The vtysh commands create the following configuration snippet in the /etc/frr/frr.conf file.

...
interface lo
  ip ospf area 0.0.0.0
!
interface swp49
  ip ospf area 0.0.0.0
  ip ospf network point-to-point
!
interface swp50
  ip ospf area 0.0.0.0
  ip ospf network point-to-point
!
interface swp51
  ip ospf area 0.0.0.0
  ip ospf network point-to-point
!
interface swp52
  ip ospf area 0.0.0.0
  ip ospf network point-to-point
!
router bgp 65101
  neighbor 10.10.10.2 remote-as internal
  neighbor 10.10.10.3 remote-as internal
  neighbor 10.10.10.4 remote-as internal
  !
  address-family l2vpn evpn
  neighbor 10.10.10.2 activate
  neighbor 10.10.10.3 activate
  neighbor 10.10.10.4 activate
  advertise-all-vni
  exit-address-family
  !
Router ospf
  Ospf router-id 10.10.10.1
  Passive-interface lo
...

ARP and ND Suppression

ARP suppression with EVPN allows a VTEP to suppress ARP flooding over VXLAN tunnels as much as possible.
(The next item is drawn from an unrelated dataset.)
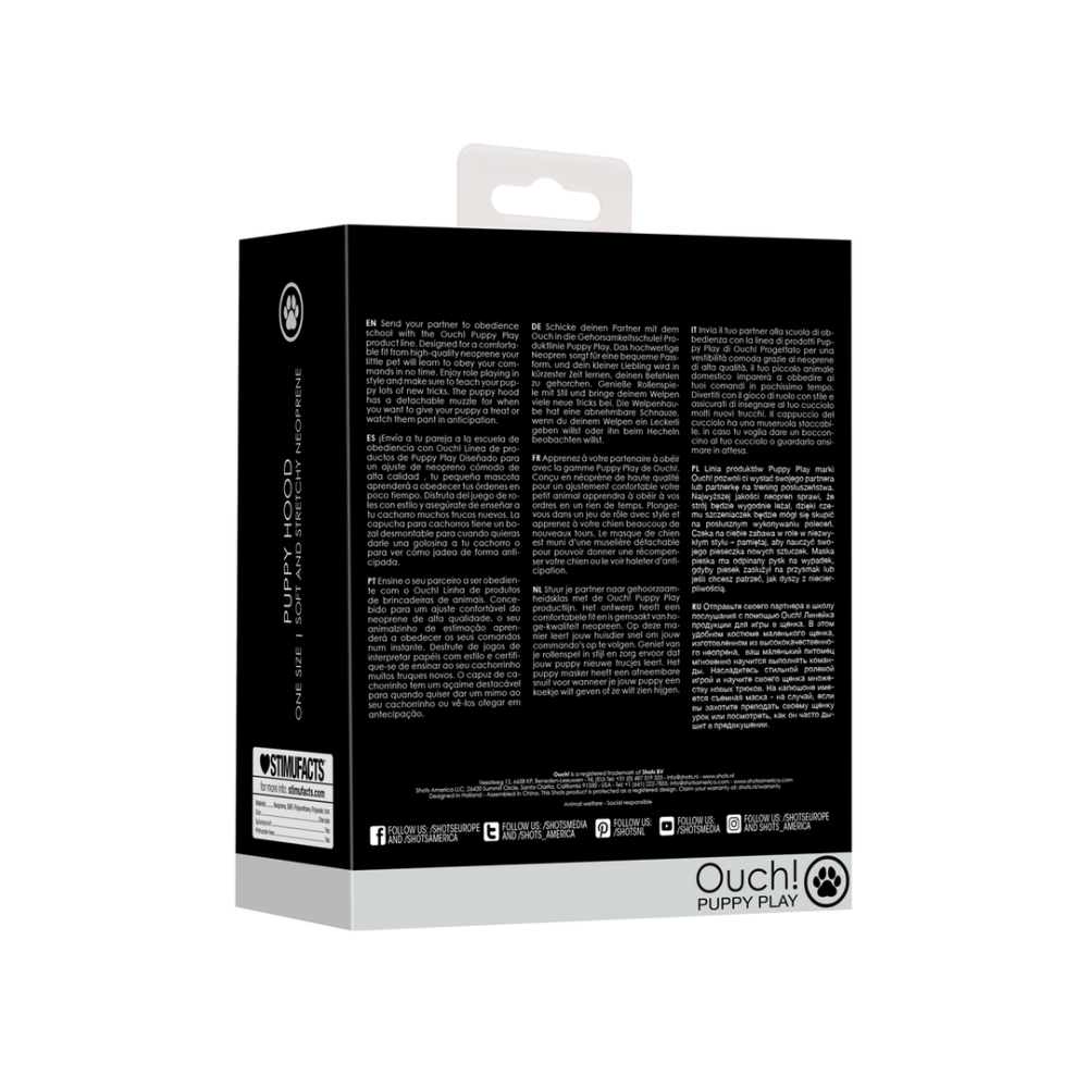 Treed binnen in de wereld van Puppy Play met het Neopreen Puppy Mask. Dit zwarte masker uit de Ouch!-collectie is perfect voor wie wil spelen met gehoorzaamheid, rolverdeling en verleiding. Het ontwerp is geïnspireerd op klassieke puppy play accessoires en combineert comfort, speelsheid en controle in één verleidelijk pakket.

A local proxy handles ARP requests from locally attached hosts for remote hosts. ARP suppression is for IPv4; ND suppression is for IPv6.

Cumulus Linux enables ARP and ND suppression by default on all VNIs to reduce ARP and ND packet flooding over VXLAN tunnels.

ARP and ND suppression only suppresses the flooding of known hosts. To disable all flooding refer to the Disable BUM Flooding section.

In a centralized routing deployment, you must configure layer 3 interfaces even if you configure the switch only for layer 2 (you are not using VXLAN routing). To avoid installing unnecessary layer 3 information, you can turn off IP forwarding.

The following example commands turn off IPv4 and IPv6 forwarding on VLAN 10 and VLAN 20.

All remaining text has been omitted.